I've been noticing a lot of incendiary launchers in raids for this build.

I'm fighting a raid right now that has a steel shiv.. a club...and four incendiary launchers.  That's a little extreme.  These things used to be rare, now there's at least one in every fight.  Is that intended?

The fight didn't result in any human casualties, but I've already lost half the durability on the starter pistol, and about a whole shotgun's worth of durability in only three or four raids..

imetallica

About the complexity of the game, I wonder if using F# for core game logic would help to "simplify" code.

iota_x

Love the game immensely @Tynan.

Best game I've played in years, and more than 500 hours deep after buying on Steam around A14. And I played a while pirated before that due to your enkightened view on DRM.

In any case, a couple of things I've noticed after finally jumping into A17.
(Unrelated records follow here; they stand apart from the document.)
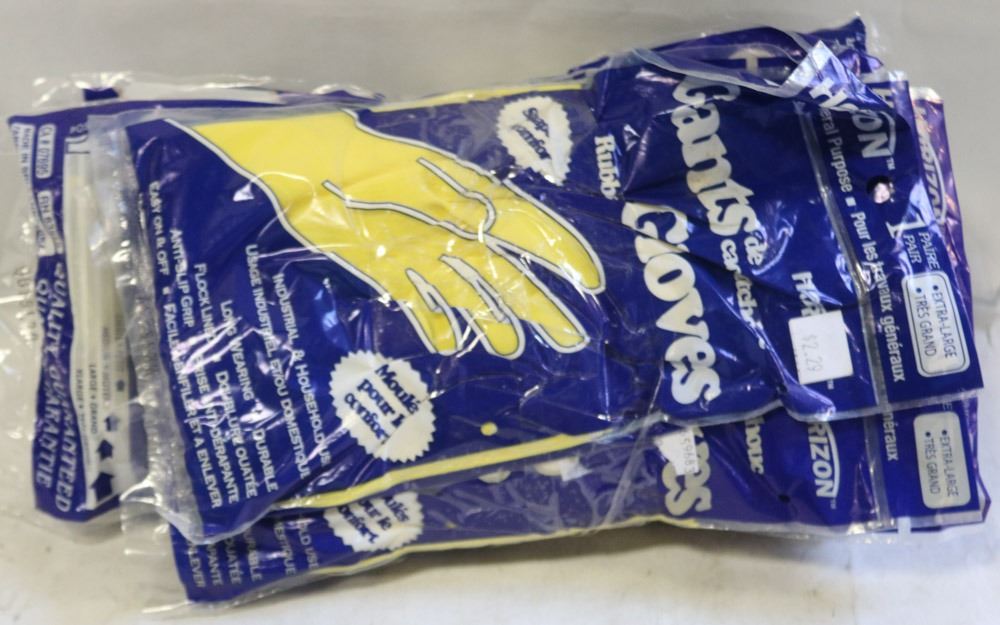 NEW, HORIZON BRAND RUBBER GLOVES, INDUSTRIAL, FLOCK LINED, ANTI-SLIP GRIP, EASY ON AND OFF, LOT OF 12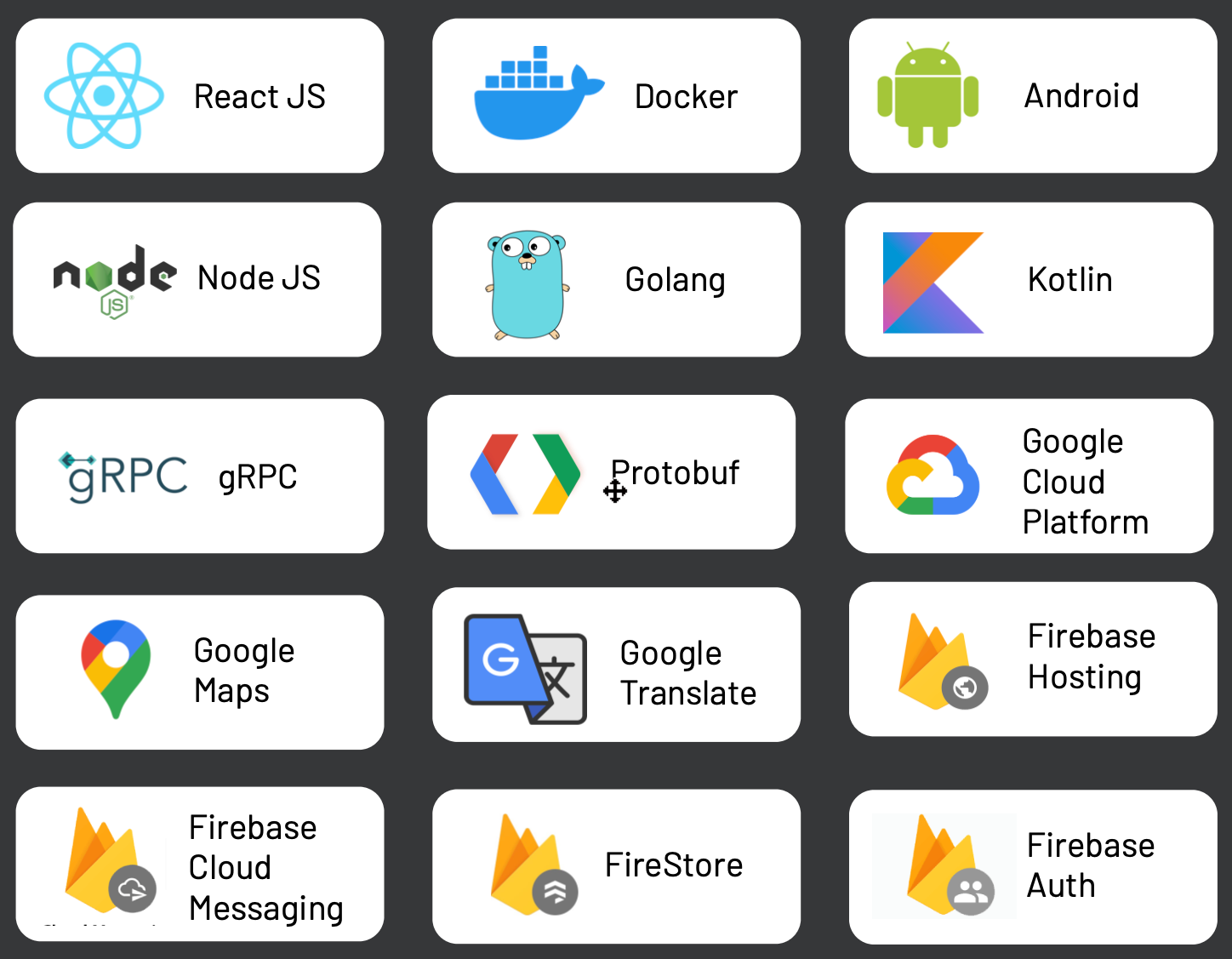 Firebase,PWA,TWA,Google Maps API,Google Translatation APIandGoogle Cloud Platform. These technologies can help to streamline app development and improve app performance, scalability, and security. -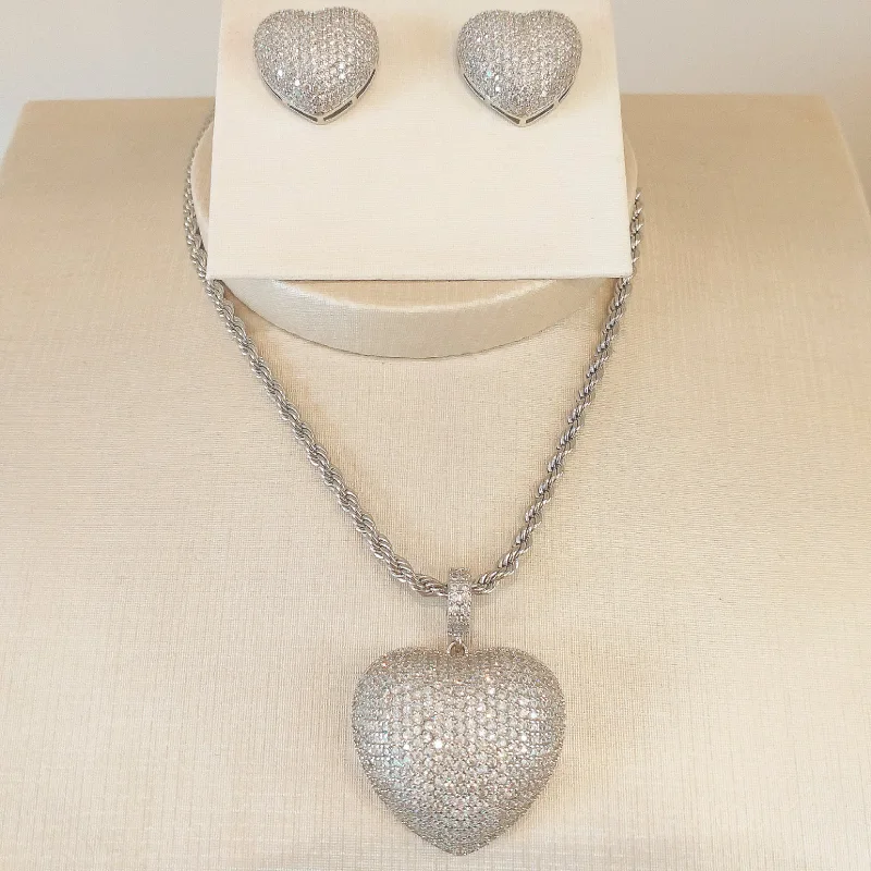 Conjunto de brinco e colar de coracao cravejado com banho de ródio.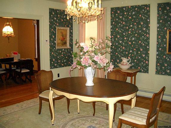 HOME,GARAGE,IMPRESSIVE SETTING, 1.8 ACRES...A stupendous home, hardwood floors, most windows replaced, recent roof and siding, gas fired four zone hot water heat, 200 AMP electric box, plus another in the garage, king size man cave with wood stove. Magnificent semi-country location, sweeping lawn, long road frontage, good separation from neighbors yet not desolate. Interior totally remodeled about thirty-five years ago yet the exterior design dates from the Revolutionary War era. Taxes with basic STAR.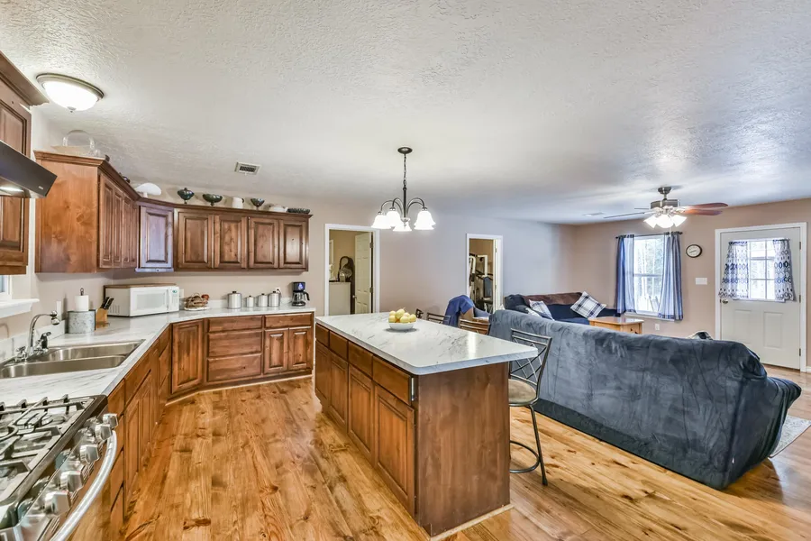 This is a very versatile tract featuring 39.4 acres. The home is a 3 bed two bath home with 1232 feet of living area. It has an open concept floor plan and beautiful cabinets. The home has a large back porch where you can watch the wildlife. Approximately 27 acres of the tract is in planted pine timber, while 5+ acres have large hardwood and pine. The other 7 acres is fenced for horses or cattle and also has a barn and stocked fishing pond. This tract offers a lot to any buyer.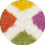 Exude a vibrant and playful ambiance with the rug's eye-catching pattern featuring bold geometric diamond shapes in a delightful array of colors including teal blue, sunny yellow, lively orange, rich fuchsia, and refreshing green, all set against a soft ivory background. These colors harmonize to create a dynamic visual effect that will become the centerpiece of any room._x000D_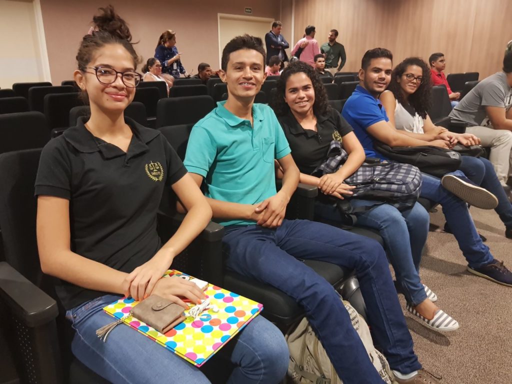 A sessão da 2ª Vara do Tribunal do Júri, realizada nesta quinta-feira (15/02), foi assistida pelos alunos do 1° ao 7° período do curso de Direito do CESVALE. A iniciativa permitirá que os estudantes tenham noções sobre os procedimentos de formação e condução de um júri popular que, neste caso, é presidido pela juíza Maria Zilnar Coutinho Leal.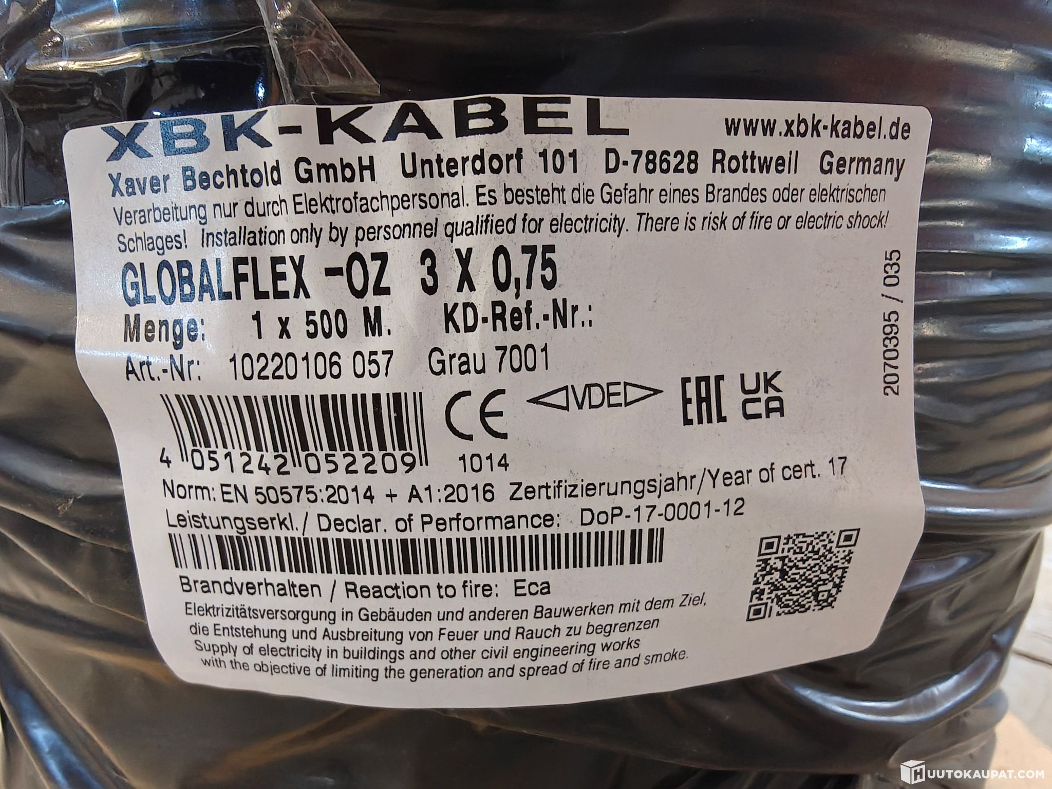 Myydään XBK-KABEL GLOBALFLEX-OZ 3×0,75 -sähkökaapelia täysi kela.

I like that peg legs can get injured/damaged now, however, they have been 'healing' when I have my prisoners in bed being tended. Not sure if that's intended. It seems more intuitive that I would have to replace the damaged peg-leg with a new one. I'm not far enough in to comment on whether this happens with bionics.

Secondly, setting tables to not be gather spots doesn't seem to stop any of my colonists from eating meals there even if the bedroom they are in is not assigned to them. I feel like before the update pawns would only eat meals in thier own room if the table is set to not be a gather spot, but maybe I just had better table placement for my dining area.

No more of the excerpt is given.